## INSTRUCTIONS TO FOLLOW:
Print, exactly as written, the line in the entries below that contains "обязательное соблюдение продолжительности" and every line after it up to and including the last. Omit pictures.

[[ INFORMATION, beginning ]]

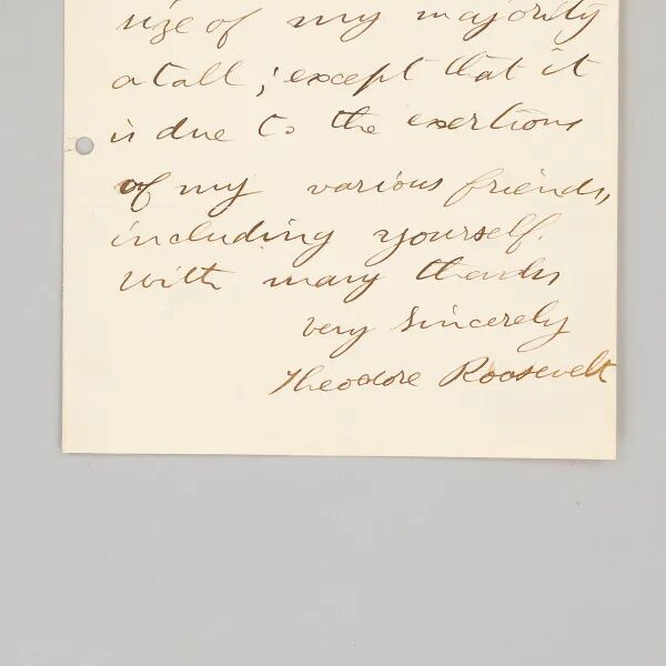 说明:约瑟夫·S·莱姆迈尔(Joseph S. Lehmair)上款。此为美国第26任总统西奥多·罗斯福24岁时亲笔信。作于1882年11月8日,即罗斯福以2比1的压倒性优势赢得州参议院议员连任的第二天。他在信中写道:“非常感谢你的祝贺。我根本无法解释我获得绝大多数票的原因。除非归功于我朋友们的努力,包括你。非常感谢……”。1880年,年轻的罗斯福就活跃于当地共和党政治活动,崭露头角。次年,23岁的罗斯福就赢得了州议会第21个选区席位,并于1882年11月7日再次当选连任。当年,他还出版了一本研究海军历史的书《1812年海战》,从而奠定了他作为历史学家的地位。
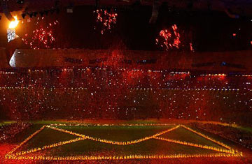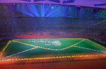 Performance: A Letter to the Future Red leaves of Fragrant Hill are shaked off at the center of the field during the art performance "A Letter to the Future" of the closing ceremony of Beijing Paralympic Games.
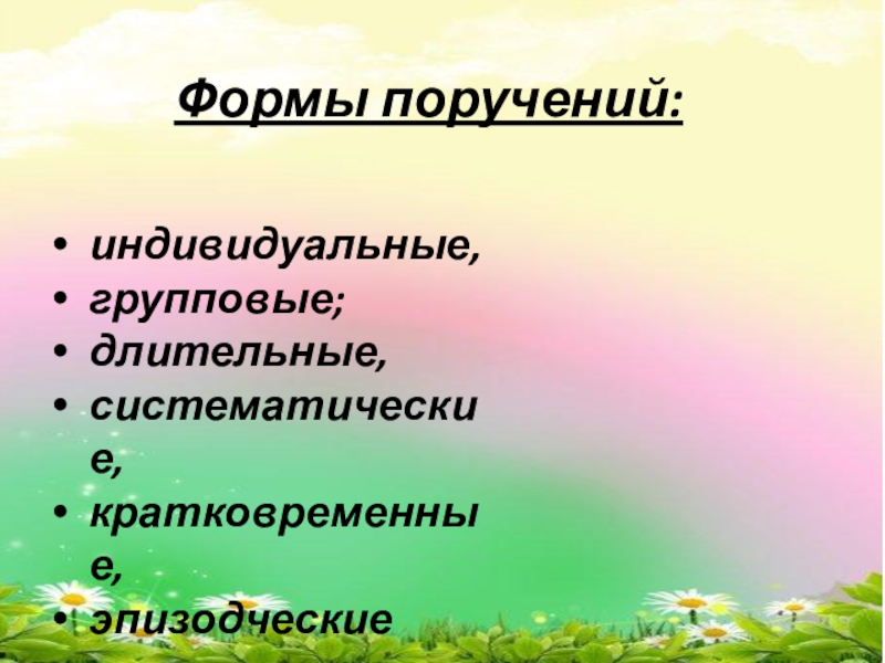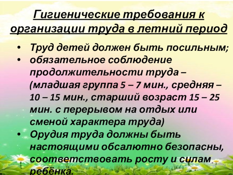 обязательное соблюдение продолжительности труда – (младшая группа 5 – 7 мин., средняя – 10 – 15 мин., старший возраст 15 – 25 мин. с перерывом на отдых или сменой характера труда)
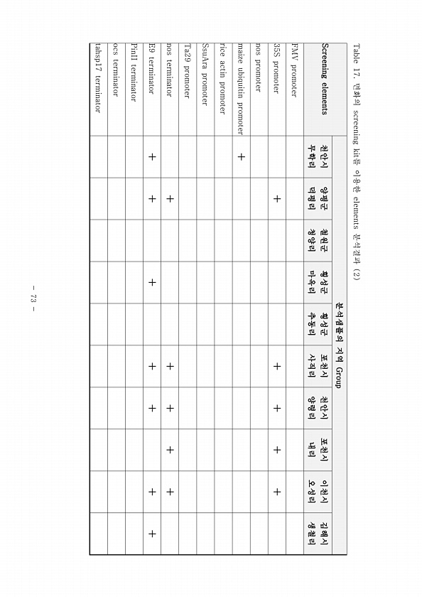 73 Screening elements 분석샘플의 지역 Group 천안시 무학리 양평군 덕평리 철원군 청양리 횡성군 마옥리 횡성군 추동리 포천시 사직리 천안시 양령리 포천시 내리 이천시 오성리 김해시 생철리 FMV promoter 35S promoter + + + + + nos promoter maize ubiquitin promoter + rice actin promoter SsuAra promoter Ta29 promoter nos terminator + + + + + E9 terminator + + + + + + + PinII terminator ocs terminator tahsp17 terminator Table 17. 면화의 screening kit를 이용한 elements 분석결과 2
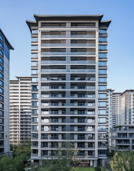 小区采用“高层+低密”分区规划,建筑风格兼顾现代简约与新中式韵味,打造差异化美学体验。高层区以“清新雅致”为基调,采用南偏东15°黄金朝向,最大化提升采光与观景效果,外立面选用铝板搭配大面积玻璃幕墙,部分户型配备最大约16.8米的L型弧面阳台,实现270°环幕视野,勾勒出轻盈通透的现代天际线。

[[ INFORMATION, end ]]

## ANSWER SECTION:
 обязательное соблюдение продолжительности труда – (младшая группа 5 – 7 мин., средняя – 10 – 15 мин., старший возраст 15 – 25 мин. с перерывом на отдых или сменой характера труда)
 73 Screening elements 분석샘플의 지역 Group 천안시 무학리 양평군 덕평리 철원군 청양리 횡성군 마옥리 횡성군 추동리 포천시 사직리 천안시 양령리 포천시 내리 이천시 오성리 김해시 생철리 FMV promoter 35S promoter + + + + + nos promoter maize ubiquitin promoter + rice actin promoter SsuAra promoter Ta29 promoter nos terminator + + + + + E9 terminator + + + + + + + PinII terminator ocs terminator tahsp17 terminator Table 17. 면화의 screening kit를 이용한 elements 분석결과 2
 小区采用“高层+低密”分区规划,建筑风格兼顾现代简约与新中式韵味,打造差异化美学体验。高层区以“清新雅致”为基调,采用南偏东15°黄金朝向,最大化提升采光与观景效果,外立面选用铝板搭配大面积玻璃幕墙,部分户型配备最大约16.8米的L型弧面阳台,实现270°环幕视野,勾勒出轻盈通透的现代天际线。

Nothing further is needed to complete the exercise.